Bruner, J.S. (1990). Acts of meaning. Cambridge, MA: Harvard University Press.

Darwin, C. (1872). On the origin of species by means of natural selection. 6th ed. London: John Murray.

Echterhoff, G. & J. Straub (2003, 2004). Narrative Psychologie: Facetten eines Forschungsprogramms. In: Handlung–Kultur–Interpretation, 12 (2) and 13 (1).

Egan K., 1997. The educated mind: How cognitive tools shape our understanding, Chicago, Ill., University of Chicago Press

Mayr, E. (2004). What Makes Biology Unique? Considerations on the Autonomy of a Scientific Discipline. Cambridge: Cambridge University Press. 2004.

Norris, S. P., Guilbert, S., Smith, M. L., Hakimelahi, S., & Phillips, L. M. (2005). A theoretical framework for narrative explanation in science. Science Education 89 (4), 535-563.


Abstract


Federico Corni

Narrative in Science Education for Teacher Training

Session 5


A narrative approach to science that considers narrative to be intrinsic rather than external to science requires the discipline to be rethought or reordered. In the last five years, I have developed a physics course for students of the master degree in Primary Education at the Department of Education and Humanities of the University of Modena and Reggio Emilia. The course has recently been taught at the universities of Verona and Bolzano, as well. It makes use of figures of mind that are found in both everyday and scientific conceptualizations of natural processes. The approach to science is informed by what we have learned from cognitive linguistics. Specifically, it is a rendering of the concept of force of nature as (1) a metaphoric network and (2) an element of stories (Fuchs).

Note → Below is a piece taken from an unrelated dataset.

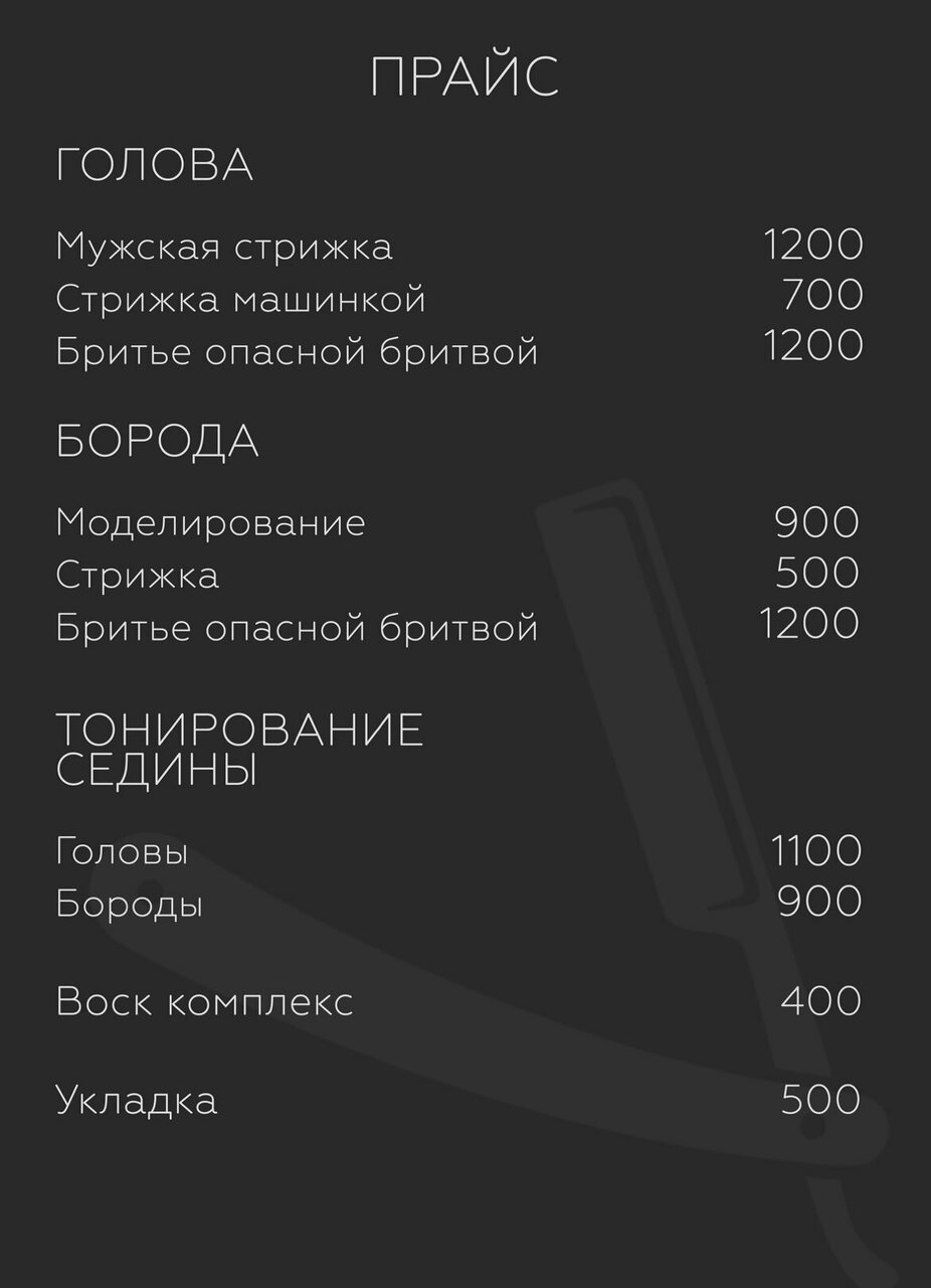 Скачать прайс-лист Барбершоп на ноябрь 2025 года

Over the years, the course has changed, but stories have always been present as a topic in lectures and as a challenge for students in preparation of the final exam or as products of a story-writing laboratory activity. After an introduction to the theory of stories, students perform linguistic analyses—during class discussion—of some existing stories in terms of embedded metaphors that are elements of the concept of force of nature. After this, teams of students have to create an original story (of forces of nature); analyze, review and correct the story helped by discussions with their colleagues and with the teacher; design a didactical pathway centered upon the story (with guidelines for the user and activities to be proposed to children such games, plays, drawings, experiences, simple experiments, discussions, etc.). Students react positively to this kind of activity and, in general, produce stories of high quality.

In my contribution, I will discuss the issue of narrative in science by using an example of a story developed by a student.


Abstract


Elisabeth Dumont

From forces of nature to physics of dynamical systems

Session 5


We will present our natural science course which we teach at the School of Engineering in Winterthur. We will show how the concept of forces of nature is transformed into an integrated science course on dynamical systems theory in physics, chemistry, biology, and technology. The course employs a well-defined form of analogical reasoning. It uses analogical mappings suggested by the conceptual integration network we have identified for fluids, electricity, heat, chemistry, and motion. We will discuss briefly in what sense modeling and simulation employed in this course may be related to narrative.